To win over Uganda’s parliament, his team presented a white paper with their data. “Some of them heard about that for the first time. Some didn’t think it was a disease, and others believed it was some spiritual thing or bad omen,” Dr Kiyaga said. After training sessions, the Health committee took it up and eventually procured drugs.
Partners have since joined, and Uganda now locally manufactures Hydroxyurea, a key sickle cell drug. Local production cut the cost from about UGX 2,000 (Sh 70) per capsule to UGX 500 (Sh 25).
“That is something people can afford.
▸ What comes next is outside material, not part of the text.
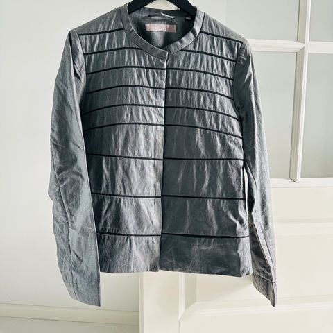 Myydään Minuet Petite -merkkinen pastellisen mintunvihreä jakku kokoa 38. Materiaali 55 % pellavaa, 45 % viskoosia, ja vuori polyesteriä. Lyhyt malli, jossa on olkatoppaukset, 3/4-hihat, peplum-tyyppinen helma ja kiinnitys hakasilla. Hyväkuntoinen lukuunottamatta pientä tahraa toisessa olkapäässä.

If it lessens the suffering, parents can try, especially when we have a shortfall in supply.”
He added that while government may lack funds, it has the power to create incentives: “If a local manufacturer comes in and they are given tax holidays, then they find the country conducive to invest in.” Uganda already has a technology company producing sickle cell screening kits.
Dr Kiyaga noted that although 20,000 children are born with sickle cell in Uganda every year, about eight in 10 were dying; that figure has now dropped to about five in 10 since new interventions were introduced. “We are hopeful that the number will go down,” he said.
At the side event, Dr Ayesha De Costa of the World Health Organization’s Department of Child and Adolescent Health, said countries yet to start screening can learn from those already doing so. Embedding newborn screening, diagnosis, and management into routine maternal newborn services is critical to reducing early childhood deaths, she added. “You do not have to start with screening of all birth defects. Just start with one.”